The goal of this notebook is to implement classic regression models and implement metrics from scratch to calculate the quality of the regressors, aslo show some interesting plots that tells the steps involved. Join me on this funny journey ☕

Tools

Dataset

In this project we use data from the SBUX stock market. The data goes from 2019-06-05 to 2024-06-05. The data was extracted directly from Yahoo Finance using the API and the library yfinance.

Metrics

Metric	Formula	Interpretation
MSE	$$MSE = \frac{1}{n} \sum_{i=1}^{n} (y_i - \hat{y}_i)^2$$	Lower values indicate a better fit
RMSE	$$RMSE = \sqrt{\frac{1}{n} \sum_{i=1}^{n} (y_i - \hat{y}_i)^2}$$	Lower values indicate a better fit, same units as ( y )
MAE	$$MAE = \frac{1}{n} \sum_{i=1}^{n} \|y_i - \hat{y}_i\|$$	Lower values indicate a better fit
RSE	$$RSE = \frac{\sum_{i=1}^{n} (y_i - \hat{y}_i)^2}{\sum_{i=1}^{n} (y_i - \bar{y})^2}$$	Values closer to 0 indicate a better fit
RAE	$$RAE = \frac{\sum_{i=1}^{n} \|y_i - \hat{{y}_i} \| }{\sum_{i=1}^{n} \|y_i - \bar{y}\|}$$	Values closer to 0 indicate a better fit
R	$$R = \frac{\sum_{i=1}^{n} (y_i - \bar{y})(\hat{y}_i - \bar{\hat{y}})}{\sqrt{\sum_{i=1}^{n} (y_i - \bar{y})^2 \sum_{i=1}^{n} (\hat{y}_i - \bar{\hat{y}})^2}}$$	Values closer to 1 or -1 indicate a strong linear relationship
$$R^2$$	$$R^2 = 1 - \frac{ \sum_{i=1}^{n} (y_{i} - \hat{y}_{i})^2}{ \sum_{i=1}^{n} (y_i - \bar{y})^2}$$	Values closer to 1 indicate a better fit

Dataset attributes

Using import yfinance as yf and sbux_data = yf.download('SBUX', period='5y') we have the following dataset. Notice that the attributes are Date, Open, High, Low, Close and Volume. The dataset header is the following:

Date	Open	High	Low	Close	Volume
2019-06-05	78.790001	79.970001	78.660004	79.959999	7437100
2019-06-06	80.029999	81.629997	79.900002	81.400002	10457200
2019-06-07	81.599998	83.330002	81.510002	82.480003	11278800
2019-06-10	82.849998	82.860001	81.379997	81.930000	8102800
2019-06-11	82.300003	82.860001	81.849998	82.370003	6226400

Plotting the historic attribute Close

Here, we take the Close attribute from the entire historic and plot it to see the evoluting of the stock over time.

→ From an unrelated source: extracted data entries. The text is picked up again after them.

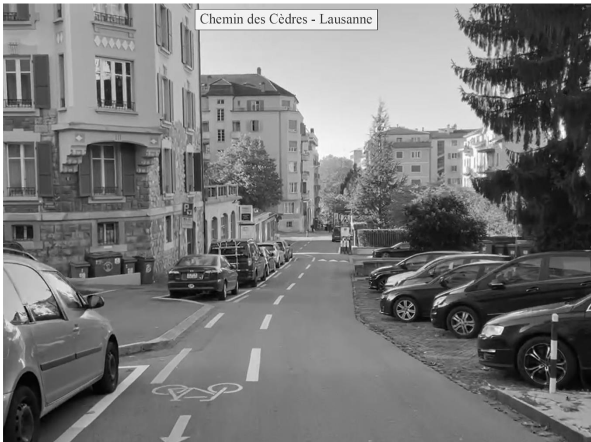
Figure 3 : L'insertion matérielle du double-sens cyclable à Lausanne prend différentes formes. Sur l'exemple du haut, on trouve par exemple peu d'équipements accompagnant le double-sens cyclable, aucun marquage séparateur entre les modes, un revêtement pavé pour les cyclistes, une chaussée où tous les usagers sont au même niveau et une faible présence de stationnements. Sur l'exemple du bas, une bande cyclable large a été réalisée tout le long de la rue, les intersections d'accès ont été aménagées à l'aide d'îlots séparateurs, des trottoirs traversants et des ralentisseurs ont été mis en place pour réduire la vitesse des usagers motorisés
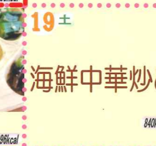
19土 海鮮中華炒め 840kcal
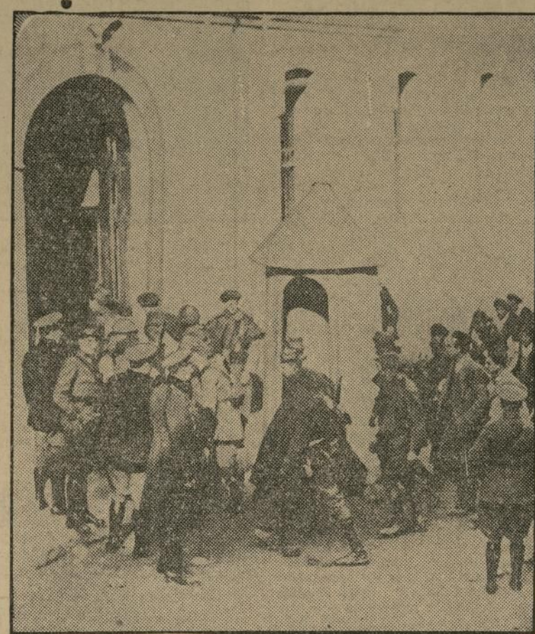
Tropas españolas conduciendo a una prisión militar de Zaragoza a prisioneros capturados en la represión de la reciente sublevación militar de Jaca.
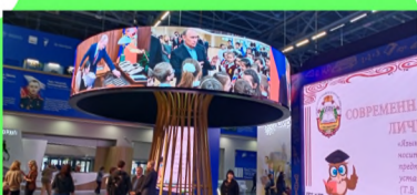
Стр. 3 Каким должен быть настоящий учитель?
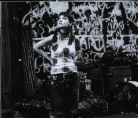
Pieces of April
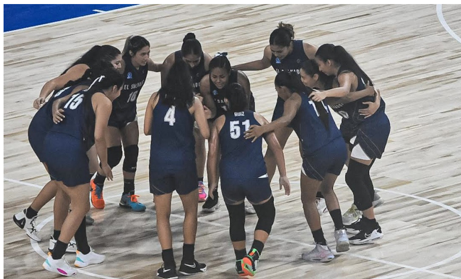
La selección de El Salvador enfrentará a Nicaragua en el debut, luego a Panamá en las dos primeras jornadas del COCABA 2023.

El Campeonato Centroamericano es la vía de clasificación para
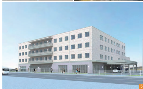
1 東仙台エリアに位置し、地域のシンボルにもなっている「中嶋病院」。医療の進歩に対応した質の高い治療と温かなサポートで、地域のの人に愛されている。院内には「介護老人保健施設 けやき」もある。2 「介護老人保健施設 メープル小田原」では、早期の家庭復帰を目指し、利用者の暮らしをサポート。3 毎年12月には、イルミネーションで地域に温かい光を灯している。4 岩切にある「介護老人保健施設 コジクア・ホーム」。自然にあふれた「cozy」（＝居心地のいい）な場所で自立復帰を目指す。5 2022年4月に誕生予定の「care NI」は、これまで展開してきたグループの力を結集させた新しい福祉施設。
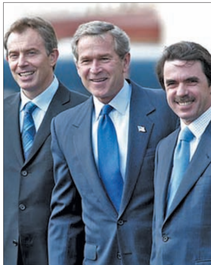
Blair, Bush y Aznar durante la cumbre de las Azores

Anterior incluso a dicho documento de junio, 'The Independent' cita otro texto de marzo de 2001 firmado por John Sawyers que evidencia la premeditación de Londres y Washington. El entonces asesor de polí-
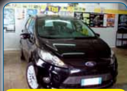
FORD NUOVA FIESTA 1.4 TDCI 70CV TITANIUM CON CERCHI IN LEGA, ANNO NOV. 2009, PREZZO 9.800 TRATTABILI
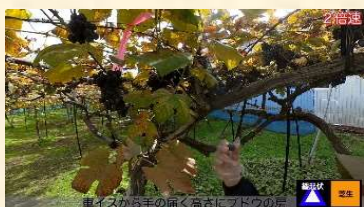
公園の様子を伝える動画

当事者意識に基づき地道な活動を継続している熱意や、学生の視点や社会に変化をもたらすことが期待される活動である点が高く評価された。
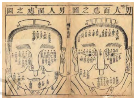
تصویر ۲۰- فیزیونومی کامل هامپ روب (زنگشی مای شیانگ فا کائپیان Zengshi mayi xiangfa quanpian)، کیو زونگ کنگ، قرن نوزدهم میلادی، کتابخانه ملی استرالیا.

تفاوت‌هایی دارد. از مهم‌ترین ویژگی‌های آن، ترسیم شخصیت‌ها و موجودات غیرمعمول با چهره و فیگورهای عجیب و غریب است که شامل دیوان، ددان، شیاطین، سیاهان، دراویش و سایرین است. در برخی از چهره‌ها، شخصیت فرد به نمایش درآمده است. به برخی نیز می‌توان شیوه کاریکاتور اطلاق نمود (مشابه آنچه در آثار لئوناردو و هنرمندان چینی و هندی دیده می‌شود). شیوه عجایب‌نگاری و طرح‌های گروتسک وی نیز برگرفته از فرهنگی خارج از حوزه ایران است و بیشتر به نقاشی چینی، اویغوری و بوداییان هند نزدیک است. این تأثیرپذیری نیز مربوط به سفر و ارتباط وی با چین و کشورهای است که در مسیر آن قرار داشت و باعث ورود عناصر چینی به ایران شد. این مطلب در برخی از اسناد نوشته شده است: «...گزارش وی [غیاث‌الدین نقاش] ضمیمه تاریخ حافظ ابرو و مطلع سعدین عبدالرزاق سمرقندی
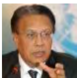
Anwarul Chowdury BANGLADESH
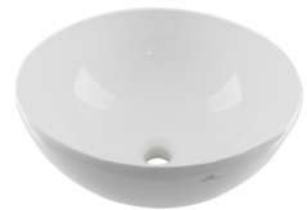
Lavabo redondo blanco modelo LOUNGE de PORCELANOSA Round wash basin type LOUNGE by PORCELANOSA .
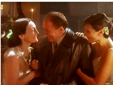
1997 SAINT-EX (Saint Ex) d'Anand Tucker avec Brid Brennan, Bruno Ganz

Make train and test splits

Becasuse we seek to implement regression over time-series data, we need to take sequences, therefore, to make train and test splits, we take a sequence for train split and another sequence for test split.

The train split goes from Jan 01, 2022 to Mar 01, 2024.
The test split goes from Mar 01, 2023 to Jun 03, 2024. We can see this in the following image:

Process data

Make chunks of time-data

In order to find paterns in the data, we give the data some special estructure that we call chunks i.e.time windows:

take the data and makes chunk, the chunk shape is a window of (7,5)
7 are the days and 5 are the attributes (open, high, low, close, volume)
for wach chunk, we add a target that will be the Close value of the 8th day
the chunks will have an offset of 1 day i.e. the window will slide one day to make the next time-window and the next target value

Reshape data

In order to employ classic regression models, we need to give the data a valid shape to be compatible with the model. Thats why we flateen our data. Previously oru data has a shape of (7,5), now will be (35,)

Normalize data

We implement a normalization using standard-deviation like: $$z = \frac{X - \mu}{\sigma}$$

Regressor models

Random Forest Regressor

It's an ensemble learning method that operates by constructing a multitude of decision trees during training time and outputting the mean prediction of the individual trees for regression problems. It's known for its robustness against overfitting and high performance.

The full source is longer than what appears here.